Sarà giudicato a livello disciplinare davanti al tribunale del Tempio di Giove (indirizzo in cui ha sede il Dipartimento Risorse umane del Campidoglio) anche l'agente che, nel frattempo, è stato denunciato alla Procura per i reati di epidemia colposa e peculato d'uso in relazione alla condotta sul luogo di lavoro. Sia lui che la moglie sono stati, inoltre, sanzionati per la violazione delle disposizioni del Governo in materia di libera circolazione, la donna anche per avere espletato un'attività vietata, se non l'esercizio abusivo della professione. Sanzioni che vanno da un minimo di 400 a un massimo di tremila euro.

LA CHAT
Un vero salasso per P.B.D.A., che ambiva, invece, a vedersi riconosciuto nello stipendio uno straordinario da ben 450 euro. Il sindacalista dell'Ospol, infatti, alla vigilia delle festività del 25 aprile e del 1 maggio, aveva invitato numerosi colleghi, altri sindacalisti e funzionari della Polizia locale di Roma Capitale a unirsi a una chat di WhatSApp in cui aveva diffuso un messaggio vocale decisamente perentorio con l'intenzione di boicottare il piano del Comando per i controlli anti-Covid sulle strade. «Se non ci danno 450 euro di straordinari per strada a fare i controlli ci vanno loro», urlava.
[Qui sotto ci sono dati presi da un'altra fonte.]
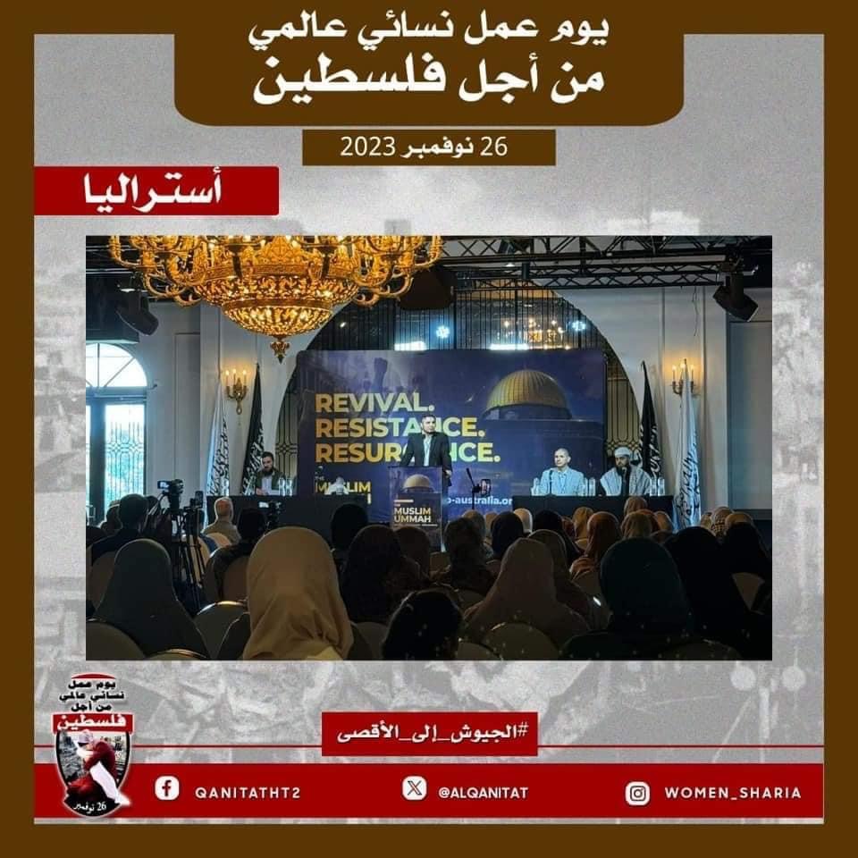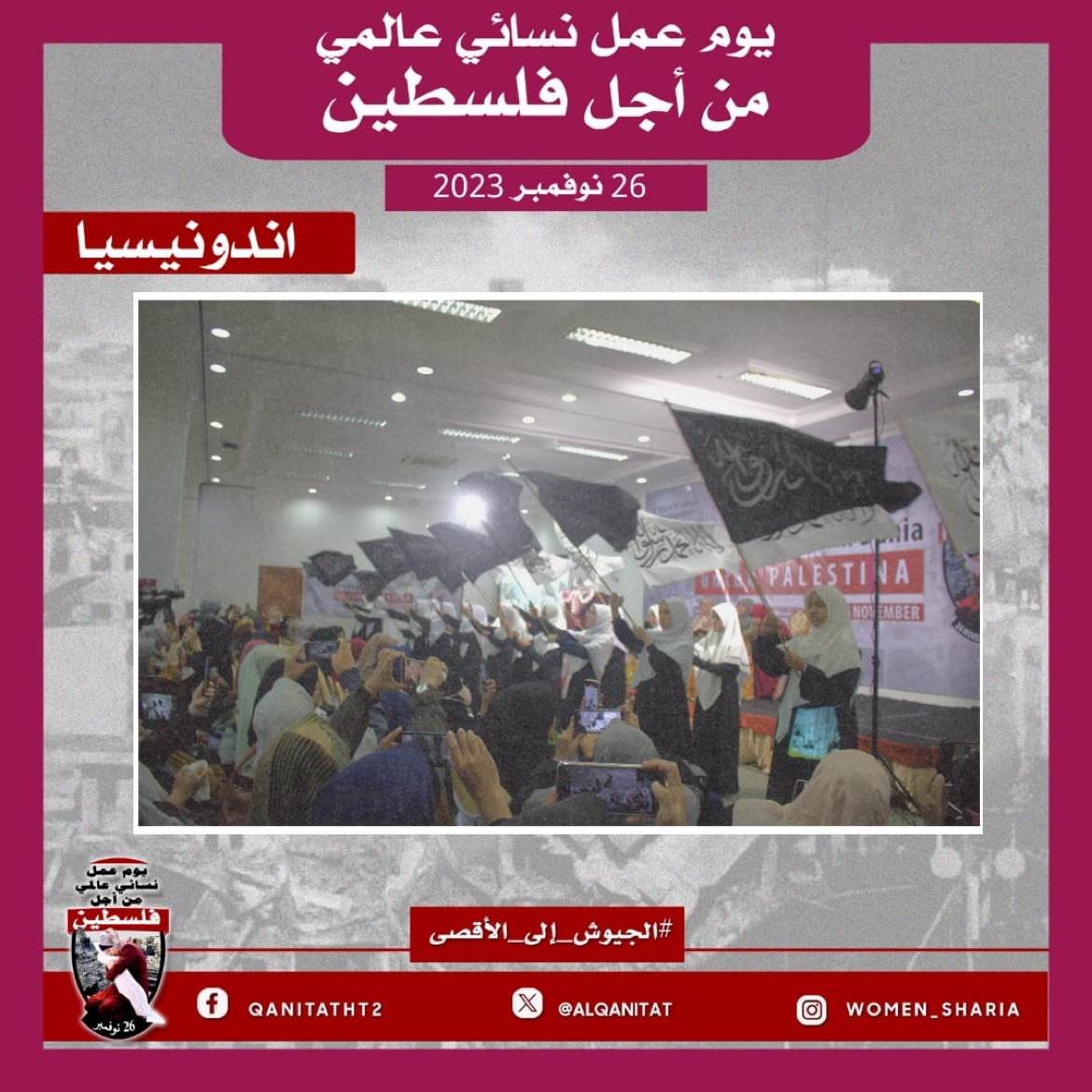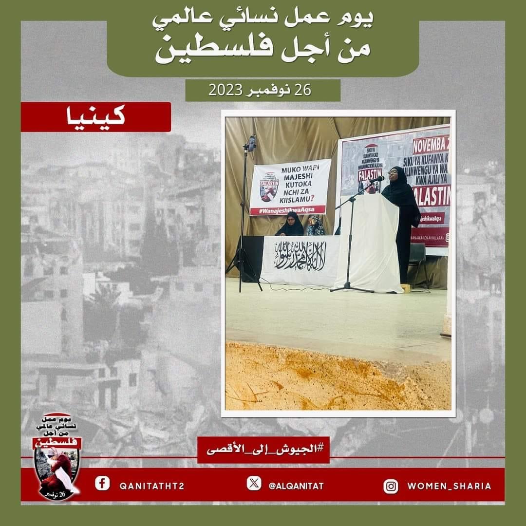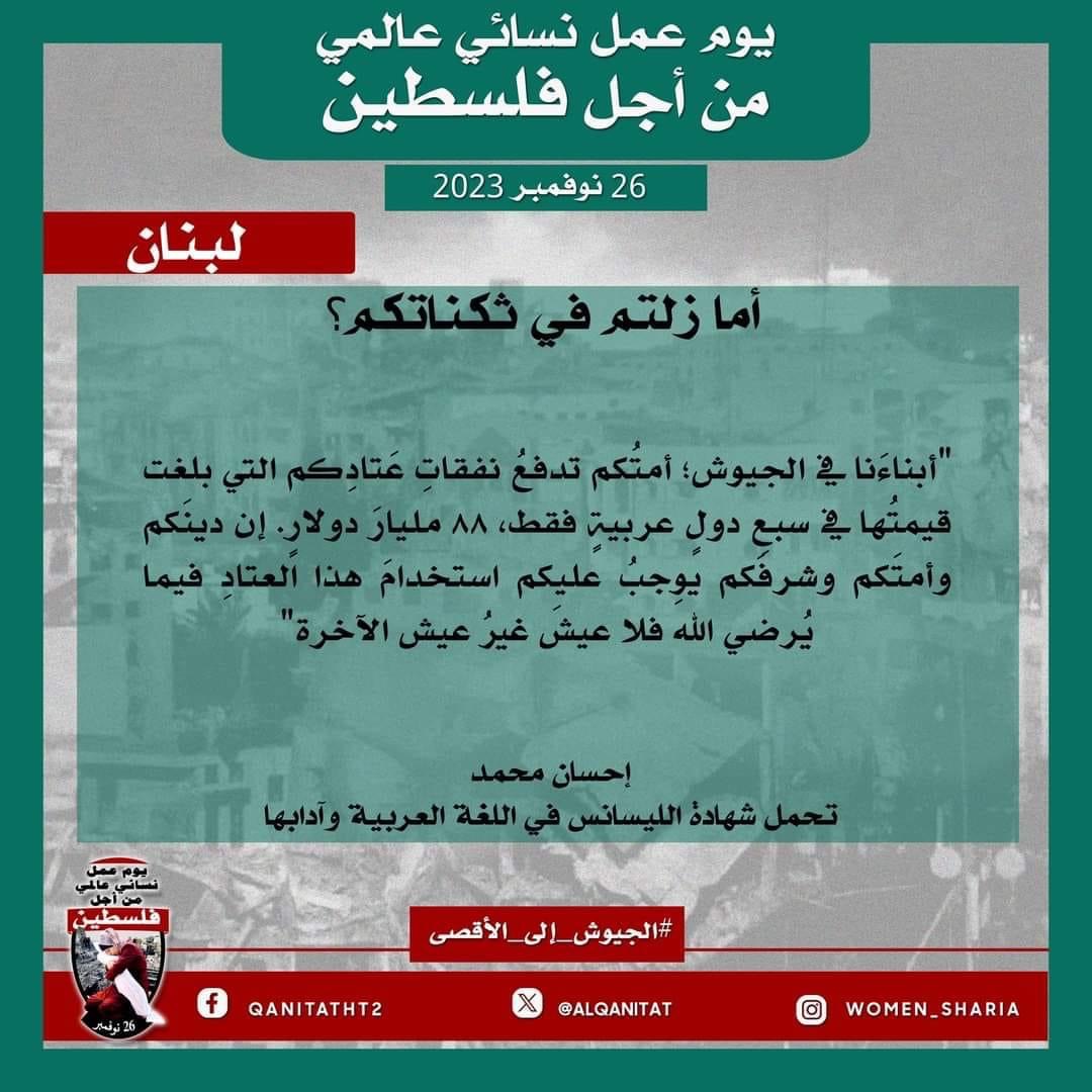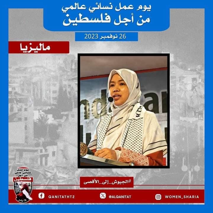 اليوم، تردّدت أصوات النساء المسلمات في جميع أنحاء العالم؛ من البلاد العربية إلى أوروبا، ومن آسيا إلى أفريقيا، ومن أمريكا إلى أستراليا، متحدات في صوت واحد، ودعوة واحدة لإخواننا وآبائنا وأبنائنا في جيوش المسلمين للارتقاء إلى واجبهم الإسلامي المتمثل في كونهم المدافعين عن هذه الأمة وحماتها؛ للارتقاء إلى مستوى التزامهم الإسلامي، ليس فقط بإنقاذ رجال ونساء وأطفال غزة من حمام الدم هذا، أو الدفاع عن مسلمي الضفة الغربية من إرهاب هذا الكيان الصهيوني الإجرامي، بل بتحرير كل شبر من الأرض المباركة بأكملها، تحرير فلسطين من هذا الاحتلال القاتل؛ فهذا ما يريده الله سبحانه وتعالى!
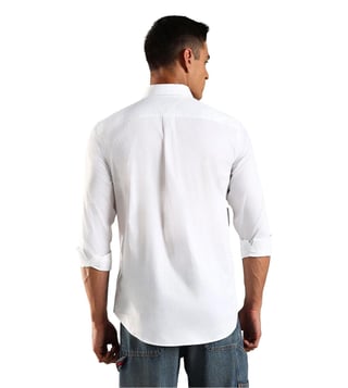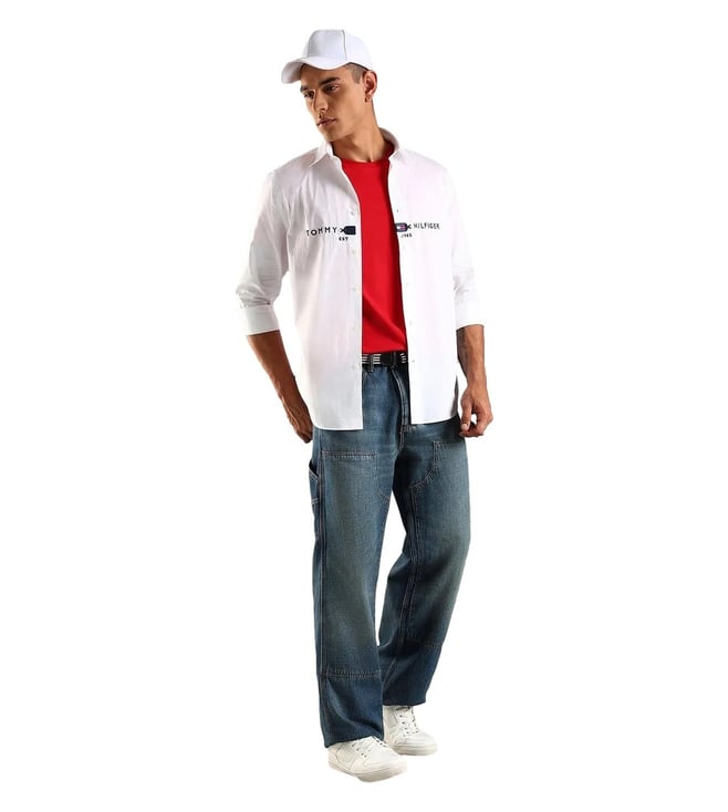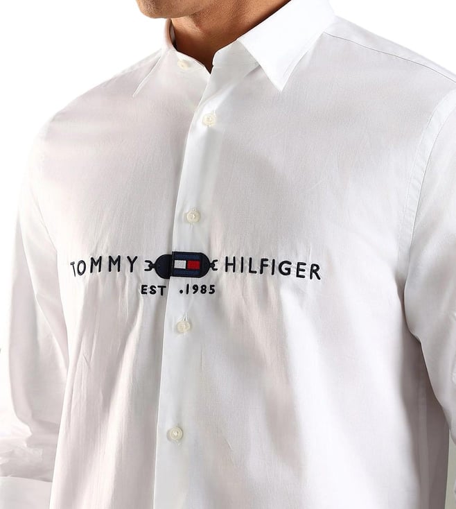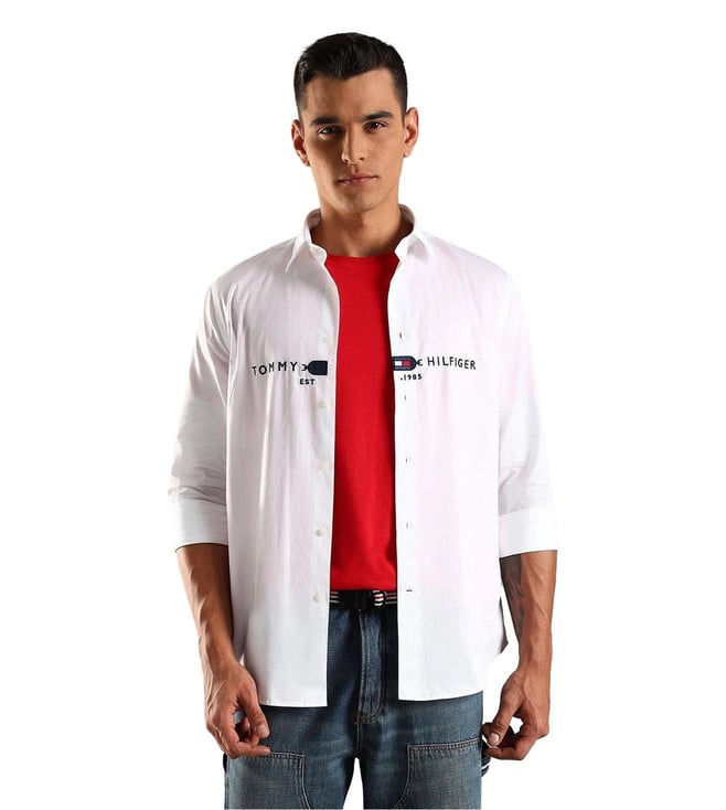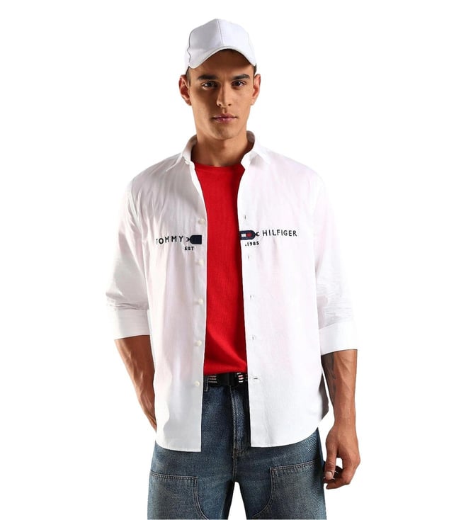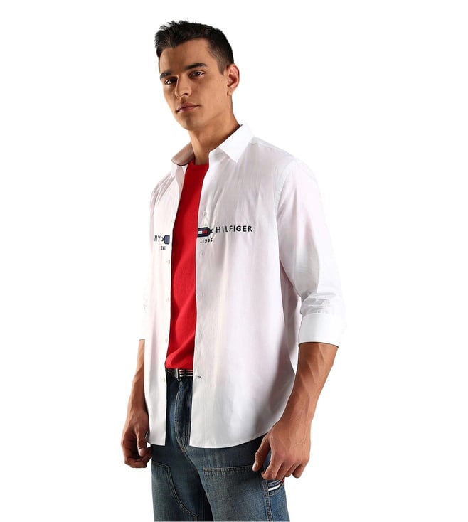 TOMMY HILFIGER White Cotton Regular Fit Logo Printed Shirt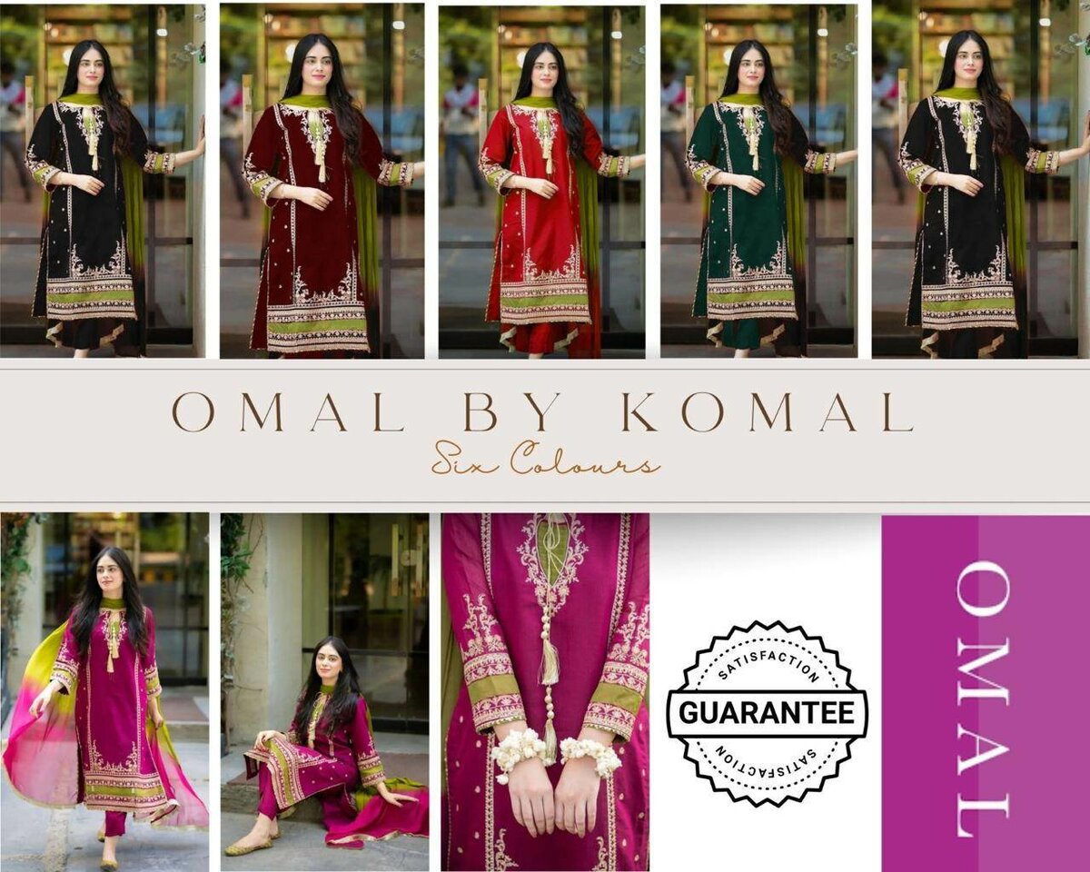 short description: "OMAL by Komal" presents a stunning magenta outfit featuring delicate golden embroidery, elegant tassels, and a vibrant green-pink ombré dupatta perfect for festive or semi-formal occasions.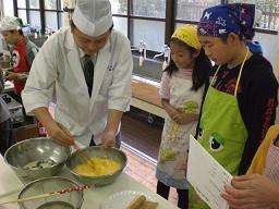 6年生は、日本料理に学ぶ「食育」の学習に取り組んでいます。日本料理アカデミー会員の「清和荘・竹中徹男氏」と「松廣・北倉功壹氏」にご指導いただいて、味覚教育(日本料理のおいしさの秘密「だし」を知って、五感を使ってうま味を感じ、特徴を知ること)食材教育(四季折々の京野菜を工夫しておいしく食べる調理の仕方を知ること)料理教育(旬の食材を使い「だし」のうま味を生かし食材に応じた調理法を知ること)の3つの視点から学んでいます。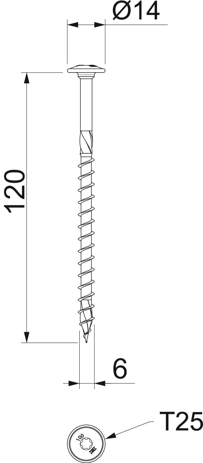 Platkopschroef houtconstructies 6x120 staal verzinkt VVE=100 OBO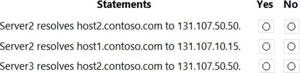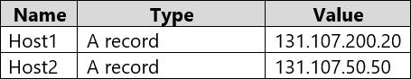 You have an Azure private DNS zone named contoso.com that has a virtual network link to VNET2 and the records shown in the following table.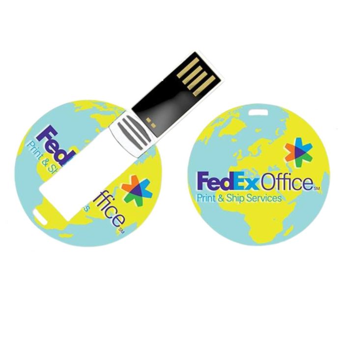 Full Color Custom Round Card USB Flash Drive Add to Wish List Not your typical USB drive. This round card USB flash drive is slim, portable, and perfect for sharing files while showcasing your brand in a unique way.

Una sorta di chiamata alle armi, insomma, per tutti i colleghi del Corpo dei vigili. Che però hanno reagito al contrario.

SOSPETTA TRUFFA
L'agente non si aspettava, infatti, una reazione compatta dei colleghi che hanno preferito abbandonare la chat o, comunque, non dare seguito alla protesta che ritenevano non consona a un momento di particolare criticità e di richiamo al senso di responsabilità collettiva per arginare la minaccia del virus. Su P.B.D.A. pende un altro procedimento aperto da piazzale Clodio e in mano alla pm Laura Condemi dal momento che sarebbe coinvolto in una sospetta truffa nelle vendite auto.
Tramite la moglie che, precedentemente, aveva una edicola ai Colli Albani, avrebbe convinto ignari clienti a versare un anticipo per ottenere a prezzi vantaggiosi vetture che riportavano sulla carrozzeria loghi pubblicitari. Ma a fronte dei soldi versati, quelle auto non erano mai arrivate.